From the listing below, restate word for word the lines from the line containing "Policy Administration consumes" down through the line containing "What is 10-D". Exclude pictures.

START SOURCE MATERIAL

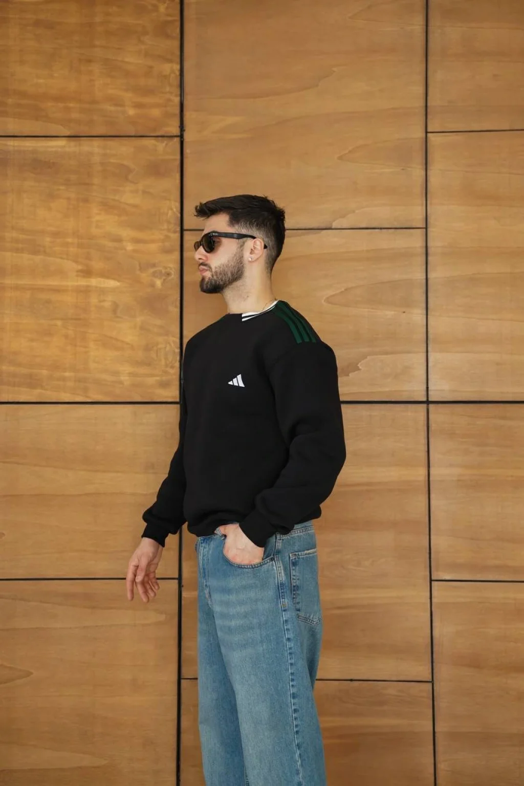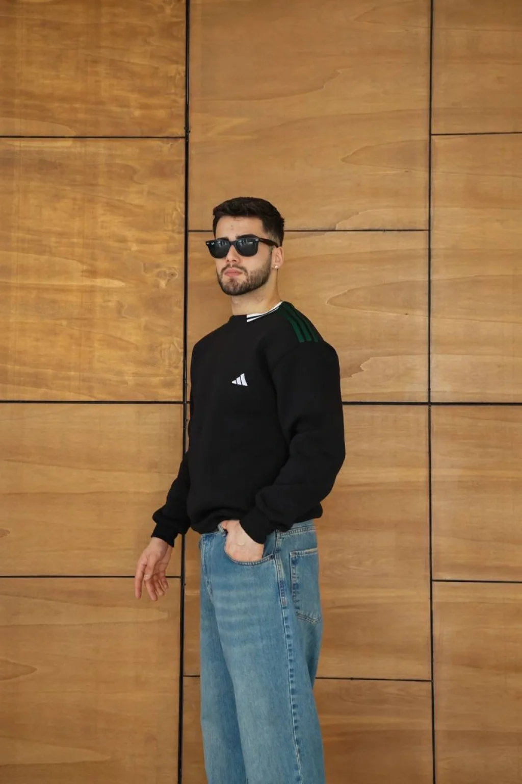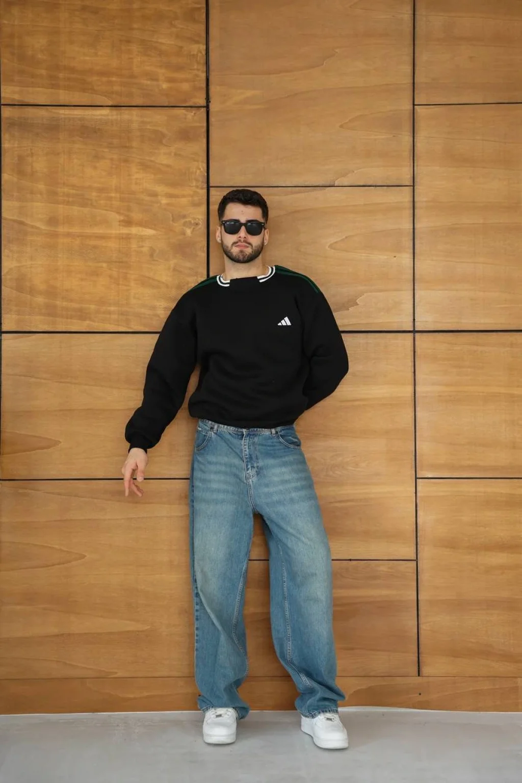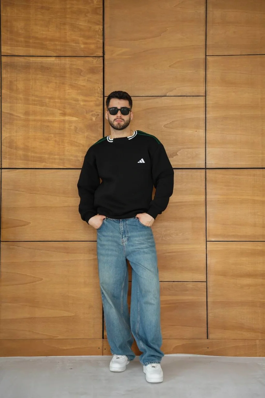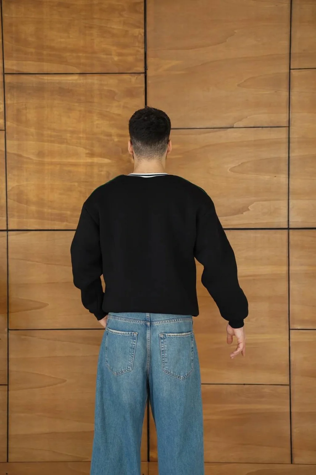 Siyah Zig Zag Nakış Unisex Oversize Sweat
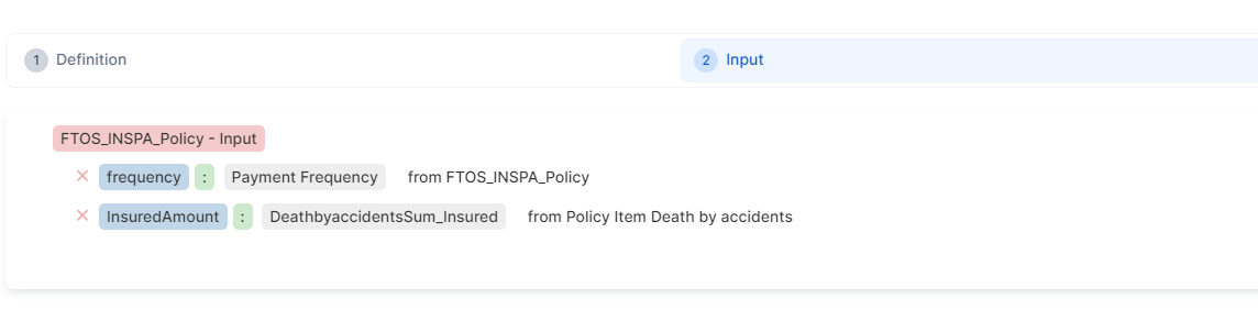 Policy Administration consumes insurance formulas included in the product definition. When using a formula associated to an insurance product within a policy, you must specify the formula mapping, that is the input data to be used for the formula in the context of Policy Administration.
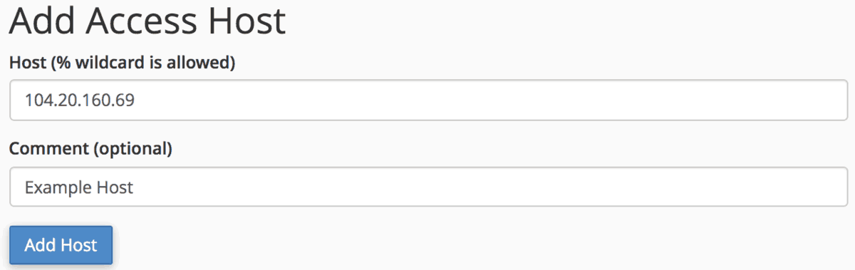 Enter the hostname or IP address in the Host field. If you want to access the database from the localhost, you can use your public IP address which can be found here. Or, simply enter a fully qualified domain name, like www.3dcart.com, then click Add Host.
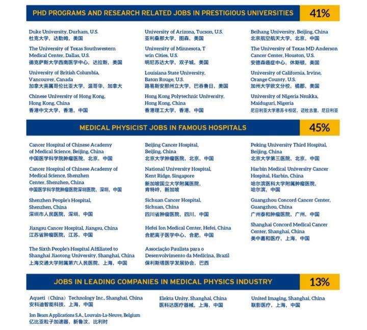 而一些毕业生进入行业并找到了很好的机会,例如Elekta,United Imaging Healthcare和Ion Beam Applications,还有一些毕业生则会在学术机构担任讲师或研究助理。
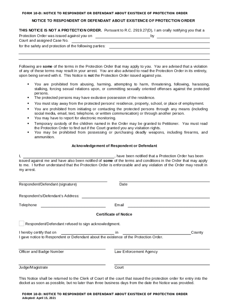 What is 10-D Notice to Respondent or Defendant About Existence of Protection Order Form?
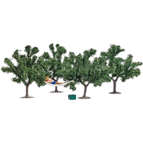 Het pakket bevat een man in een hangmat, samen met accessoires zoals 4 fruitbomen (elk 45 mm hoog) en een bierkrat met flesjes. De neutrale kleuren en het gebruik van hoogwaardig kunststof zorgen voor een realistische uitstraling. Met een CE-markering en universele taalhandleiding is deze set veilig en eenvoudig te monteren.
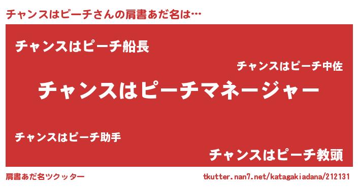 | 意味不明あだ名 | 『永久保存チャンスはピーチ』 |
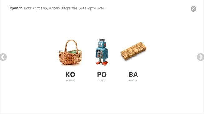 Вже після перших уроків дитина може прочитати свої перші склади та слова. Це надихає продовжувати!

END SOURCE MATERIAL

**EXERCISE ANSWER**
 Policy Administration consumes insurance formulas included in the product definition. When using a formula associated to an insurance product within a policy, you must specify the formula mapping, that is the input data to be used for the formula in the context of Policy Administration.
 Enter the hostname or IP address in the Host field. If you want to access the database from the localhost, you can use your public IP address which can be found here. Or, simply enter a fully qualified domain name, like www.3dcart.com, then click Add Host.
 而一些毕业生进入行业并找到了很好的机会,例如Elekta,United Imaging Healthcare和Ion Beam Applications,还有一些毕业生则会在学术机构担任讲师或研究助理。
 What is 10-D Notice to Respondent or Defendant About Existence of Protection Order Form?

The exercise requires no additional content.